• _WHAT IS BEING ASKED_
Return all of the listing word for word; the pictures stay out.

• _RECORDED INFORMATION_

————————

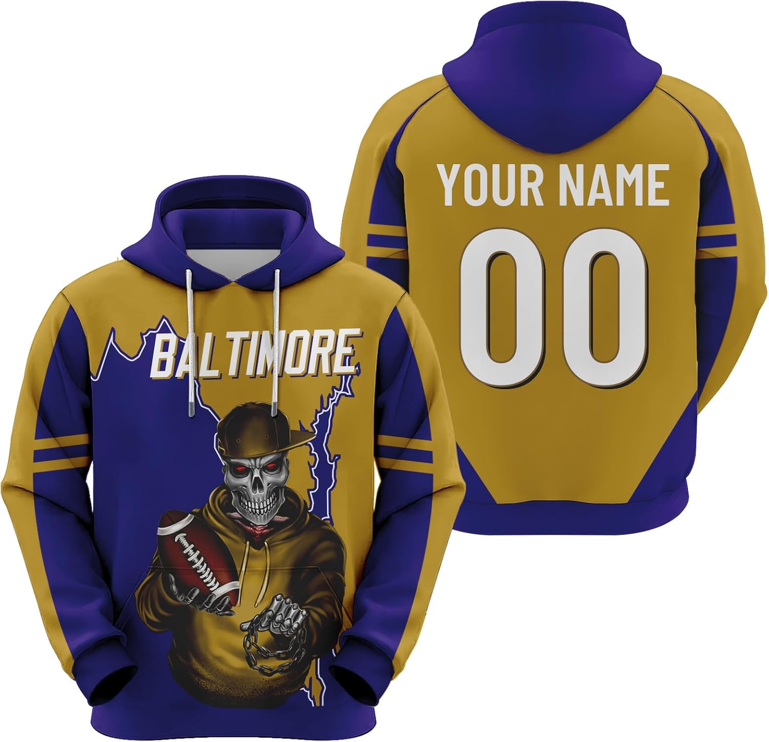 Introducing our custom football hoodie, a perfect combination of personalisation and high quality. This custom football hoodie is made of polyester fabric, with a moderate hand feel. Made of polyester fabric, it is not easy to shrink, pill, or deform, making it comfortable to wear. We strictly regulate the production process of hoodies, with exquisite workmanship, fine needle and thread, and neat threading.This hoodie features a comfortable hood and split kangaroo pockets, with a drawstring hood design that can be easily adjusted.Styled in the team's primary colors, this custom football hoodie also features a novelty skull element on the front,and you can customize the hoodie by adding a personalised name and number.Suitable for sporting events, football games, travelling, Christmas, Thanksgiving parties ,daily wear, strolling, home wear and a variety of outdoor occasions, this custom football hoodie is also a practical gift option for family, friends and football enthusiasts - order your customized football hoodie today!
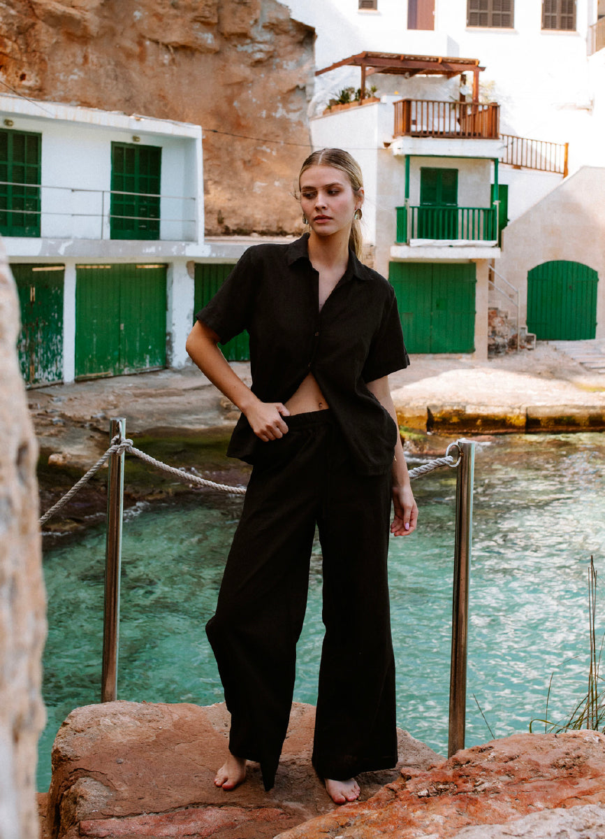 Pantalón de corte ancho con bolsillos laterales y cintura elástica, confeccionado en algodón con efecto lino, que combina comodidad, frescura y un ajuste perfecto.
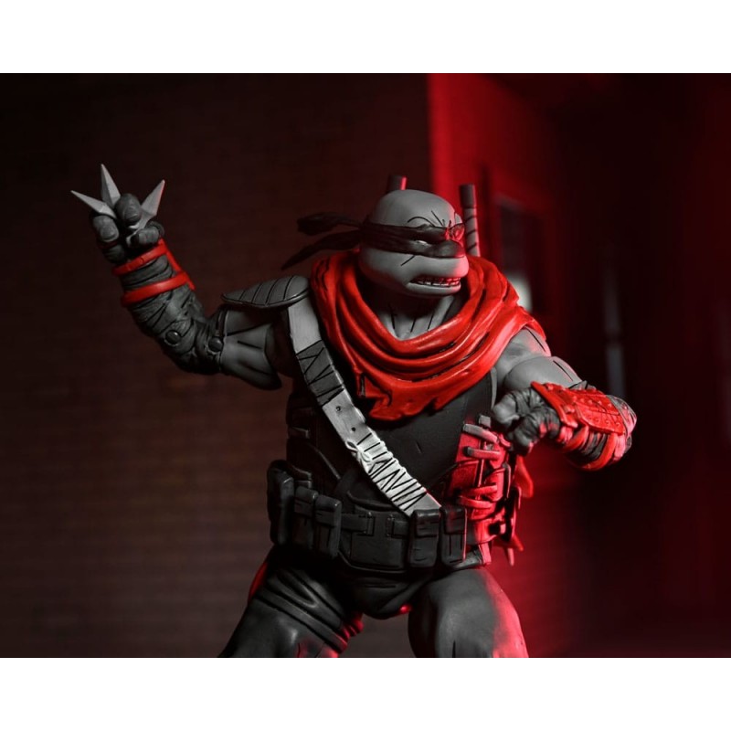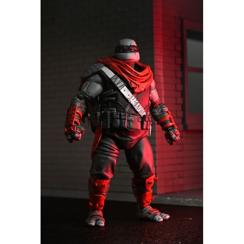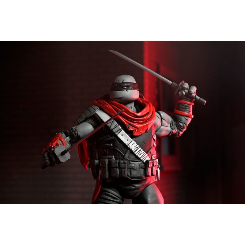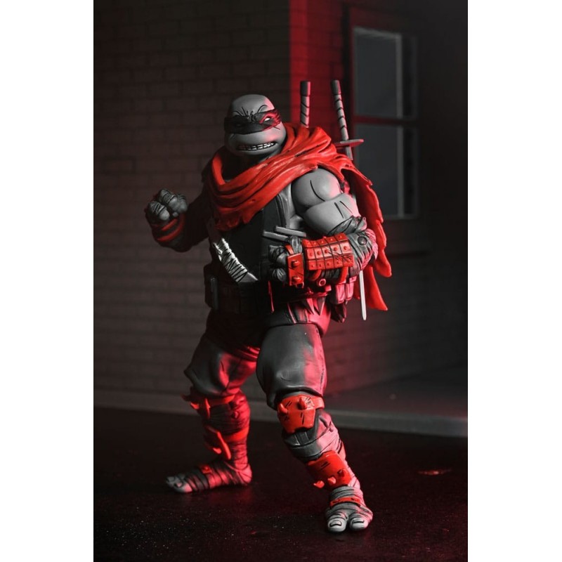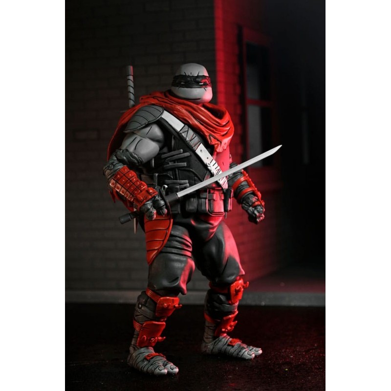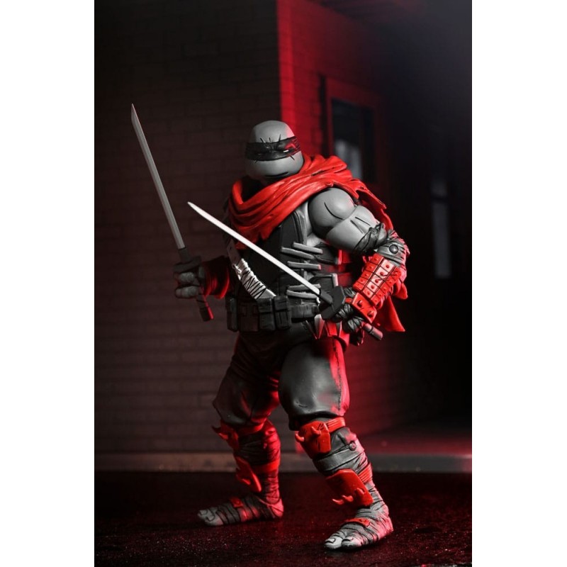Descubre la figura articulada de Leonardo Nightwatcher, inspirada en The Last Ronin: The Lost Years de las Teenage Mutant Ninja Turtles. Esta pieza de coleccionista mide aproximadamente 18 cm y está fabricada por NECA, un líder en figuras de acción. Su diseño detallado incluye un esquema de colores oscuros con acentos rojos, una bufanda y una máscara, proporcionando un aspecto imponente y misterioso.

————————

• _EXPECTED ANSWER_
 Introducing our custom football hoodie, a perfect combination of personalisation and high quality. This custom football hoodie is made of polyester fabric, with a moderate hand feel. Made of polyester fabric, it is not easy to shrink, pill, or deform, making it comfortable to wear. We strictly regulate the production process of hoodies, with exquisite workmanship, fine needle and thread, and neat threading.This hoodie features a comfortable hood and split kangaroo pockets, with a drawstring hood design that can be easily adjusted.Styled in the team's primary colors, this custom football hoodie also features a novelty skull element on the front,and you can customize the hoodie by adding a personalised name and number.Suitable for sporting events, football games, travelling, Christmas, Thanksgiving parties ,daily wear, strolling, home wear and a variety of outdoor occasions, this custom football hoodie is also a practical gift option for family, friends and football enthusiasts - order your customized football hoodie today!
 Pantalón de corte ancho con bolsillos laterales y cintura elástica, confeccionado en algodón con efecto lino, que combina comodidad, frescura y un ajuste perfecto.
Descubre la figura articulada de Leonardo Nightwatcher, inspirada en The Last Ronin: The Lost Years de las Teenage Mutant Ninja Turtles. Esta pieza de coleccionista mide aproximadamente 18 cm y está fabricada por NECA, un líder en figuras de acción. Su diseño detallado incluye un esquema de colores oscuros con acentos rojos, una bufanda y una máscara, proporcionando un aspecto imponente y misterioso.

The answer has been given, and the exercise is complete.